Recent reports on the launching of rockets from Lebanon into Israel have brought the issue of Lebanon’s weak internal security services back to the forefront of Middle East policy circles. The usual suspects, Hezbollah and the Popular Front for the Liberation of Palestine-General Command (PFLP-GC), have denied any involvement in the attacks, and Israel sources have pointed towards the culprits possibly being a new pro-Saudi group called the “Jihad Movement for Gaza,” operating from the Ain al-Hilweh camp in Sidon. If true, this group represents a new factor in the proxy war being fought by numerous countries, especially Saudi Arabia and Iran, for control over Lebanese politics and territory. Reports of a possible kidnapping of an Israeli soldier, similar to that which started the 2006 war with Hezbollah, point towards the possibility of growing tensions along the border with Israel.

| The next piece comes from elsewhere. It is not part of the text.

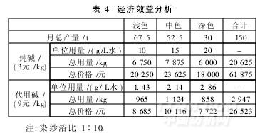 目前,市場上純堿的價格是3元/kg,代用堿的價格為9元/kg,根據(jù)一年來每月染色情況分析,淺中深顏色比例基本為:淺色45%,中色35%,深色20%,按每月150t生產(chǎn)量計算,使用純堿和代用堿的成本分析見表4。

For all the trouble Lebanon went through to elect an acceptable President for the republic, little has changed in the way of strength of the Lebanese state. Rogue groups, operating from Lebanese territory, dictate the foreign policy of the state with their attacks on Israeli territory. In the case of the Palestinian militias, they lash out from the relative safety of the camps against Israel to show they are not an impotent force. Also, the communal strife within the camps often spills outside of them, into the cities, such as the fighting between Fatah and Jund al-Sham. For others, such as Hezbollah, they stock arms and perpetrate random attacks in the name of “the resistance.” The PFLP-GC maintains, with Syrian aid, a well armed and trained force that operates from bases fortified with anti-aircraft weaponry, artillery, and supposedly even armored vehicles. The stocks and capabilities of Hezbollah are unknown to few. Such facts do not lend themselves to being evidence of an effective state.

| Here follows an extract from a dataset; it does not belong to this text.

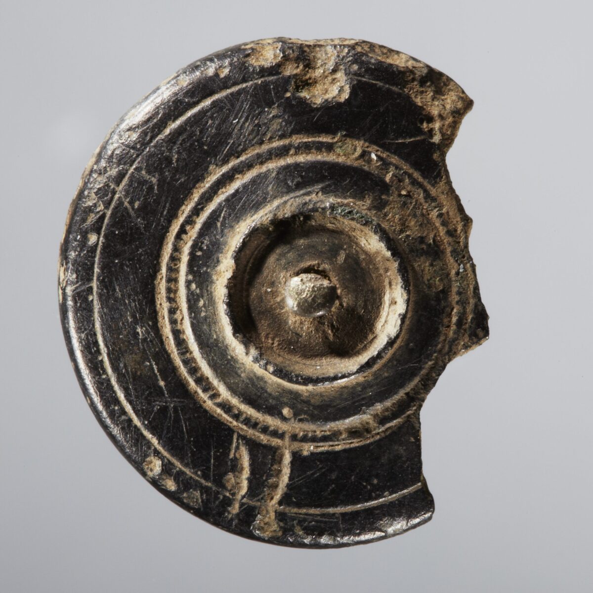 Beskrivelse: En sirkulær draktspenne med konsentrisk dobbel linjedekor, og baksiden har nålefeste bevart.

How does Lebanon reassert its sovereignty over its land? Sovereignty over a territorial claim is what makes a state a state, yet Lebanon cannot claim to have this. What can the Republic do?
One doesn’t have to look far to find what Lebanon’s options are. Jordan faced very much the same predicament in 1970, when the Yasser Arafat led PLO was operating as a state-within-a-state, attacking Israel (which inevitably drew a military response) and putting Jordanians themselves under a state of siege. King Hussein saw the writing on the wall: either he could act decisively, or watch as his nation was carved up by militants. He chose to act, and crushed the PLO while he had the strength. But is this really the answer for Lebanon? Thousands were killed in what became known as “Black September” in Jordan. As a nation that in the last forty years has endured civil wars and occupation by various local powers, is Lebanon ready to make the sort of sacrifices necessary to vigorously reassert central government control?

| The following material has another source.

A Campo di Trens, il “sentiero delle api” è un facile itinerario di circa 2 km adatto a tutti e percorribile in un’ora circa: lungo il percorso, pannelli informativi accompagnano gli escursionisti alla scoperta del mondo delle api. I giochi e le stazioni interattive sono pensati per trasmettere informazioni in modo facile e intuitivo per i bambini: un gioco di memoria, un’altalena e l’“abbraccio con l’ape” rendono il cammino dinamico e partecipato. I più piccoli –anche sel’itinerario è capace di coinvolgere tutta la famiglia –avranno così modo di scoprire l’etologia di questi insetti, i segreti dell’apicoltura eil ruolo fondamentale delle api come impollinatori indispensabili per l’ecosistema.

It would not be a horrible thing to say no to the military option. But it would indeed be wrong to say that Lebanon should go on with maintaining the status quo. Bringing the militias, terrorist groups, or whatever they may be called, under control is essential to the survival of the Lebanese state. Whether through diplomatic means or otherwise, the state must reign in the actions of renegade and non-state actors in Lebanon. It is in the State’s best interest; not doing so jeopardizes not only Lebanon’s internal security, but also makes it vulnerable to reprisal attacks by its neighbors. The Palestinians must remember that they are in Lebanon, and are therefore subject to the laws of the State. This also applies to Hezbollah and other Lebanese armed parties. Nations who find it prudent to fight proxy wars via various forces in Lebanon should resign themselves to having to having to solve their disputes through more direct means.